I felt, however, that there were also some limitations associated with taking a narrative approach to my research topic. Narrative researchers often take a very detailed line by line approach to analysing data, poring over the discursive significance of every word used (Fraser, 2004). In this way, narrative analysis can be seen as part of the broader linguistic tradition which “treats text as an object of analysis itself” as opposed to a more traditional qualitative approach “which treats text as a window into human experience” (Ryan & Bernard, 2003:259). I thought that the former approach was likely to be a little
unfair to the participants within this study, whose choice of vocabulary was on some levels shaped not only by their intentions/emotions/experiences, but by the fact that English is their second language. Thus, while I have attempted to incorporate some of the conventions of narrative research - particularly the need to pay attention to the ways that the interviewer’s communication style can act as a “facilitating catalyst” to story- making within an interview (Hollway & Jefferson, 2000:36) - I have also chosen to stick with some of the conventions of a broader ‘thematic’ rather than ‘discursive’ approach to interviewing and data analysis.
Thus, I not only sought to elicit stories, but I also asked some direct questions about participants ‘perceptions’ of certain aspects of their experience, where they had not covered these issues in their narratives. In particular, I sought reflection on the ‘impact’ of the experience on several key areas of their lives, including on their view of self, relationships, and work life. I also asked participants to comment on what they saw as the broader impact of these types of scholarships on women’s lives, and on ‘development’. In practice, because the New Zealand participants were in the midst of their study experience (although they had all previously studied abroad, and thus, experienced ‘return’), their responses tended to focus more on ‘study life’ than the other participants. Because these participants had also all had more than one scholarship experience, they were also more likely to talk in broader terms about the impact of overseas education on their life choices/outlook, rather than providing specific examples of outcomes associated with one scholarship experience, in particular.
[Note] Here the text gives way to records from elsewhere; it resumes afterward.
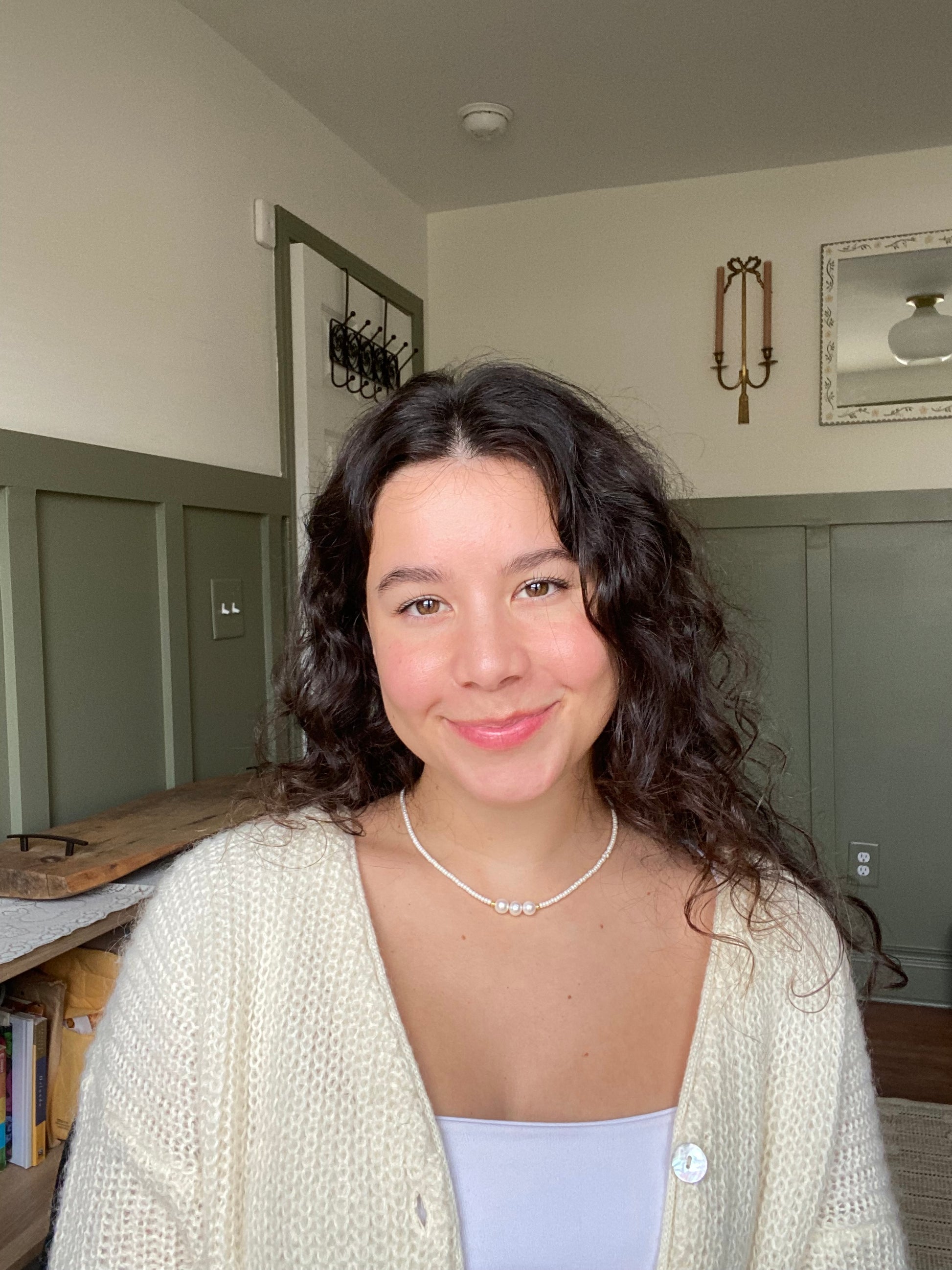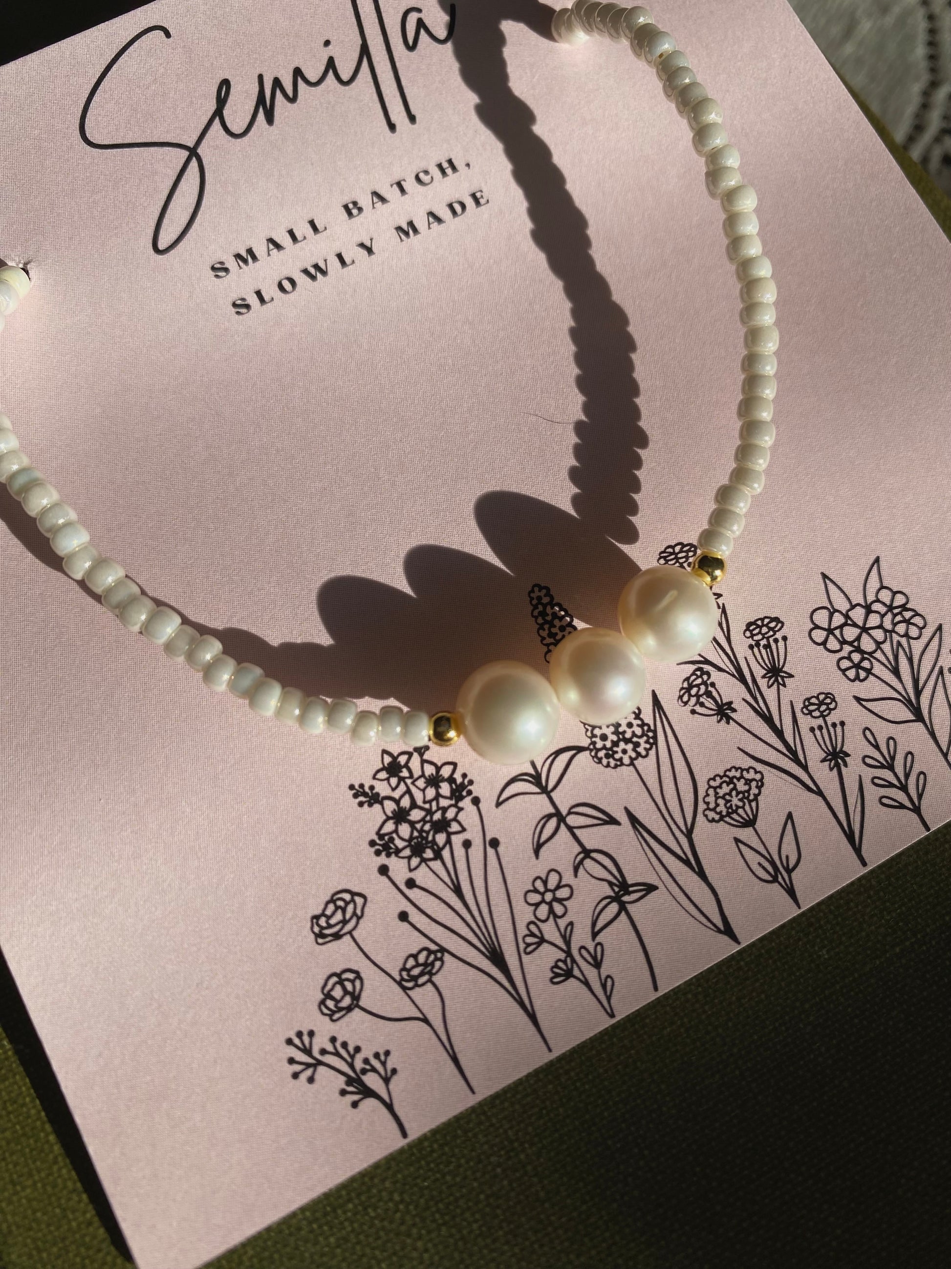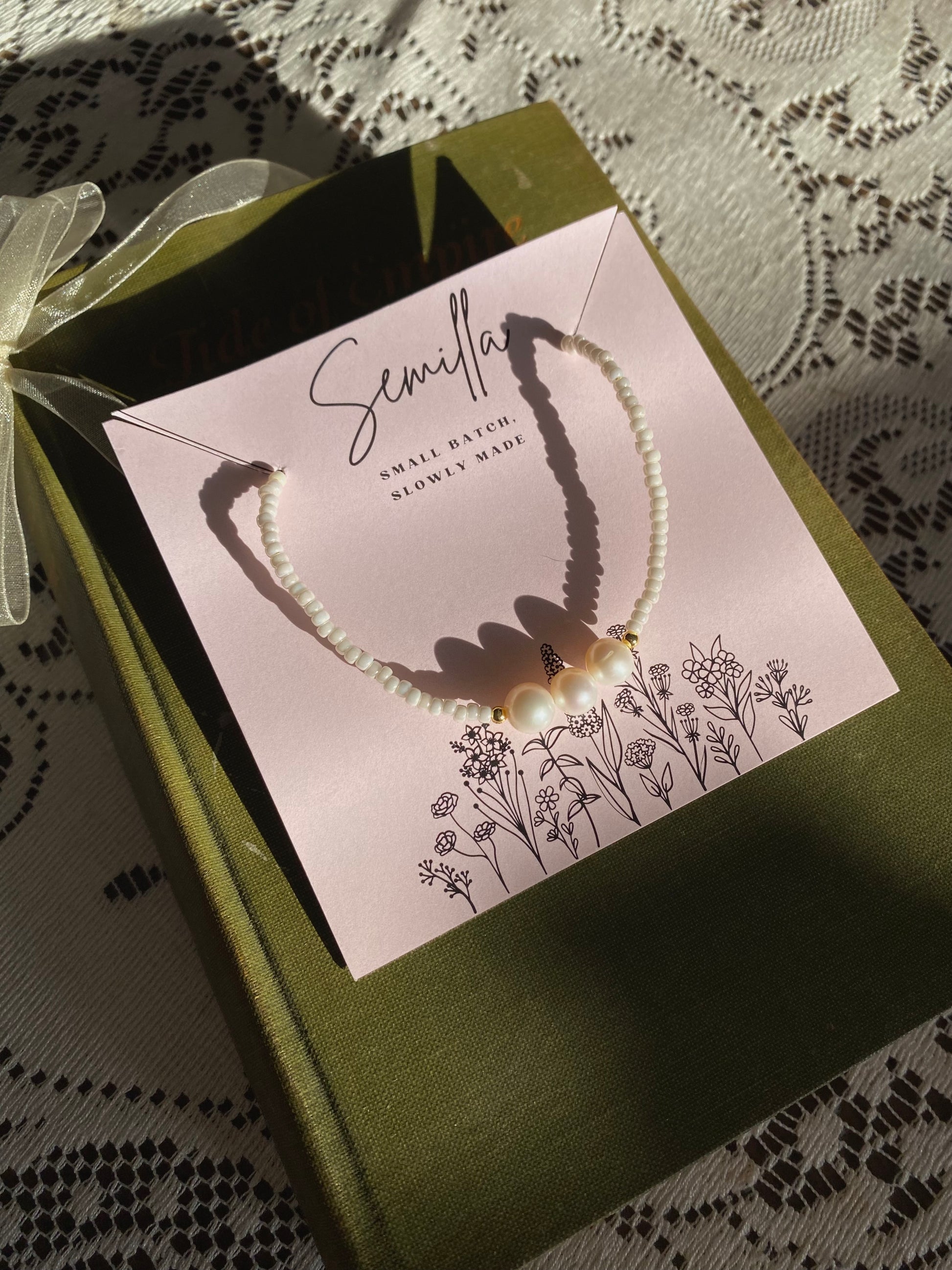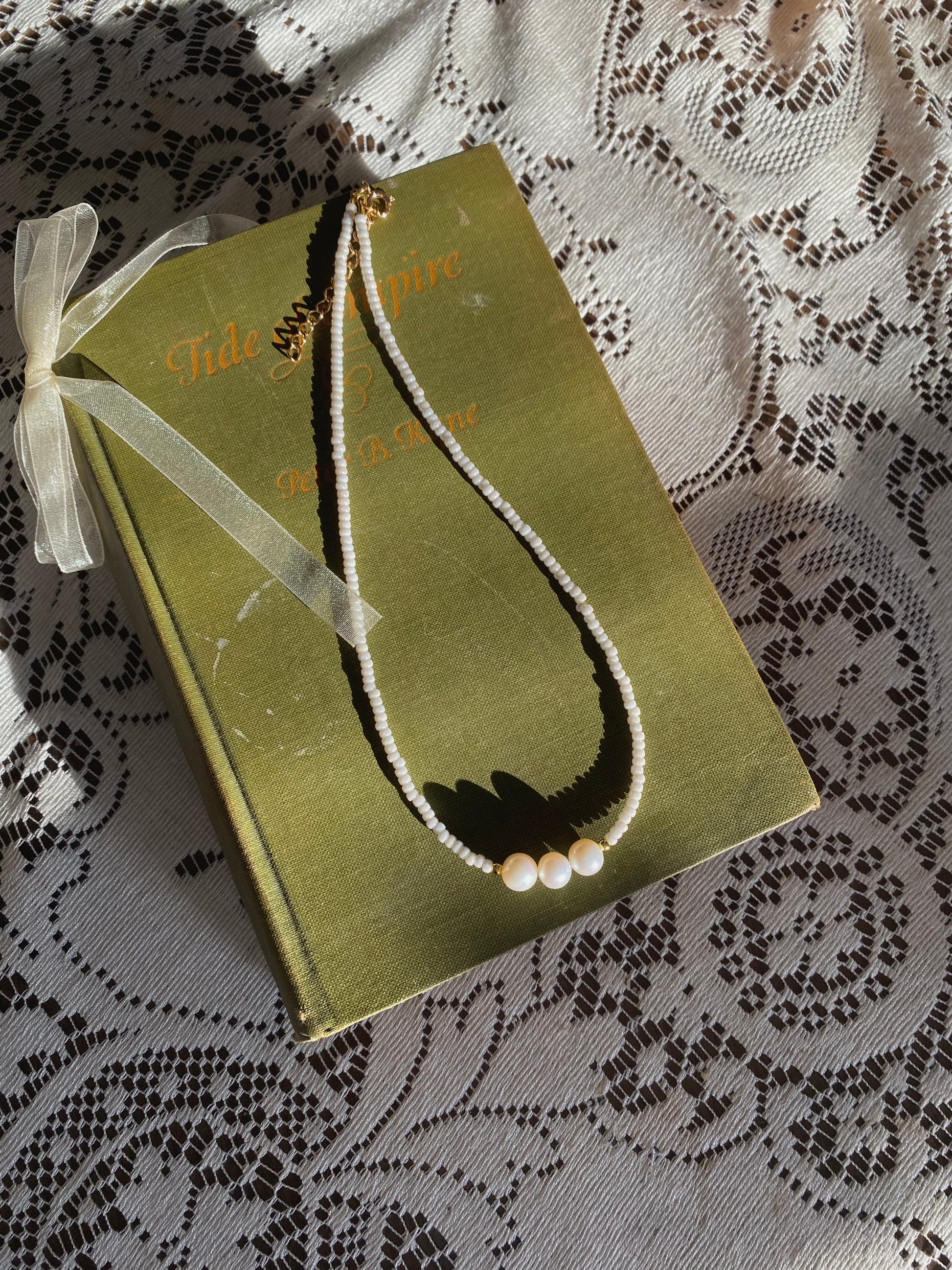 Opaque pearlized white seed beads with three freshwater pearls front and center! 14.5 inches + 2 inch extender. Gold-plated findings.
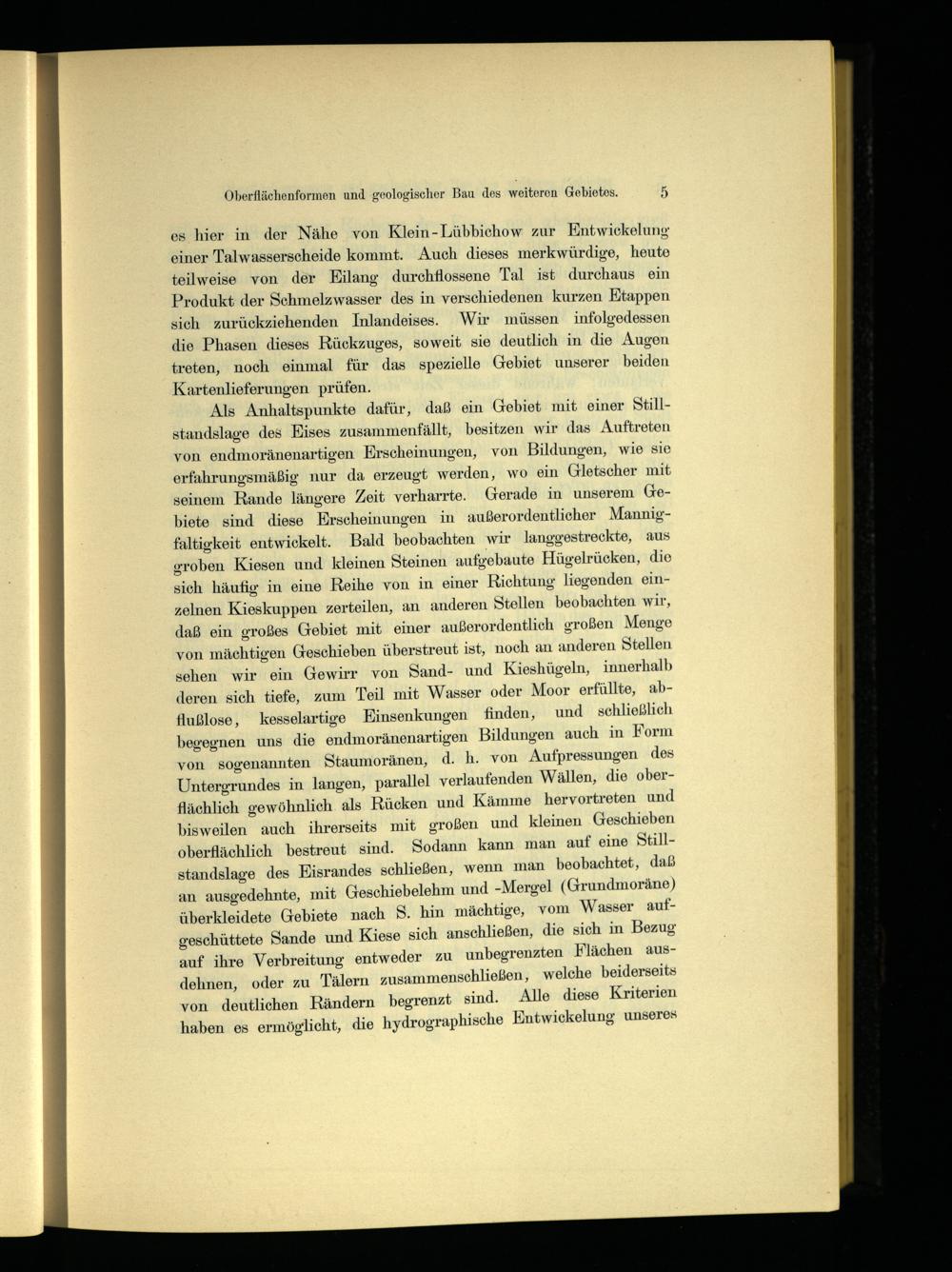 Als Anhaltspunkte dafür, daß ein Gebiet mit einer Stillstandslage des Eises zusammenfällt, besitzen wir das Auftreten von endmoränenartigen Erscheinungen, von Bildungen, wie sie erfahrungsmäßig nur da erzeugt werden, wo ein Gletscher mit seinem Rande längere Zeit verharrte. Gerade in unserem Gebiete sind diese Erscheinungen in außerordentlicher Mannigfaltigkeit entwickelt. Bald beobachten wir langgestreckte, aus groben Kiesen und kleinen Steinen aufgebaute Hügelrücken, die sich häufig in eine Reihe von in einer Richtung liegenden einzelnen Kieskuppen zerteilen, an anderen Stellen beobachten wir, daß ein großes Gebiet mit einer außerordentlich großen Menge von mächtigen Geschieben überstreut ist, noch an anderen Stellen sehen wir ein Gewirr von Sand- und Kieshügeln, innerhalb deren sich tiefe, zum Teil mit Wasser oder Moor erfüllte, abflußlose, kesselartige KEinsenkungen finden, und schließlich begegnen uns die endmoränenartigen Bildungen auch in Form von sogenannten Staumoränen, d. h. von Aufpressungen des Untergrundes in. langen, parallel verlaufenden Wällen, die oberflächlich gewöhnlich. als Rücken und Kämme hervortreten und bisweilen auch ihrerseits mit großen und kleinen Geschieben oberflächlich bestreut sind. Sodann kann man auf eine Stillstandslage des Hisrandes schließen, wenn man beobachtet, daß an ausgedehnte, mit Geschiebelehm und-Mergel(Grundmoräne) überkleidete Gebiete nach S. hin mächtige, vom Wasser aufgeschüttete Sande und Kiese sich anschließen, die sich in Bezug auf ihre Verbreitung entweder zu unbegrenzten Flächen ausdehnen, oder zu Tälern zusammenschließen, welche beiderseits von deutlichen Rändern begrenzt sind. Alle diese Kriterien haben es ermöglicht, die hydrographische Entwickelung unseres
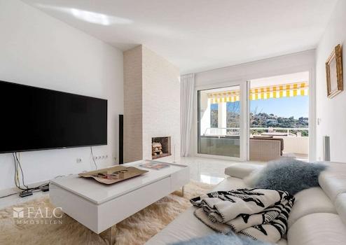 Dieses renovierte Apartment in Santa Ponsa mit Teilmeerblick befindet sich in einer sehr guten Wohngegend im begehrten Südwesten Mallorcas. Die moderne Immobilie befindet sich im 1. Stock eines gepflegten Gebäudes und verfügt über eine Wohnfläche von ca. 80 m2 inklusive einer fantastischen Terrasse, um die spektakuläre Aussicht und das mediterrane Klima zu geniessen. Die wunderschöne Wohnung ist aufgeteilt in ein helles Wohnzimmer mit Kamin und eine tolle offene und voll ausgestattete Küche mit Kochinsel, sowie 2 geräumige Schlafzimmer mit Einbauschränken und 2 Bäder. Das Wohnzimmer und das Hauptschlafzimmer bieten Zugang zu der herrlichen Sonnenterrasse von ca. 16 m2. Extras: Klimaanlage, Fussbodenheizung, doppelverglaste Fenster, automatische Rollläden, Marmorboden, Waschküche und Satellitenfernsehen. Ein Parkplatz und die Möbel sind im Preis inbegriffen. Santa Ponsa zeichnet sich durch 3 Golfplätze und 2 Yachthäfen aus.

The interviews were informal and ‘dialogical’. The choice to use a conversational interview style is in keeping with the feminist aversion to ‘mining’ participants, in favour of a more egalitarian commitment to knowledge exchange and mutual vulnerability in an interview setting (Cook, 1993; Lather, 1988, 1991, 1992; Oakley, 1981). As Tierney (2003) argues, it is only when we are willing to share our own stories that we are able to break down the power differential between ourselves and our participants that inhibits their willingness to share important stories about their lives. In taking this risk, he suggests, our “vulnerability is not a position of weakness, but one from which to attempt change and social fellowship” (Tierney, 2003:315).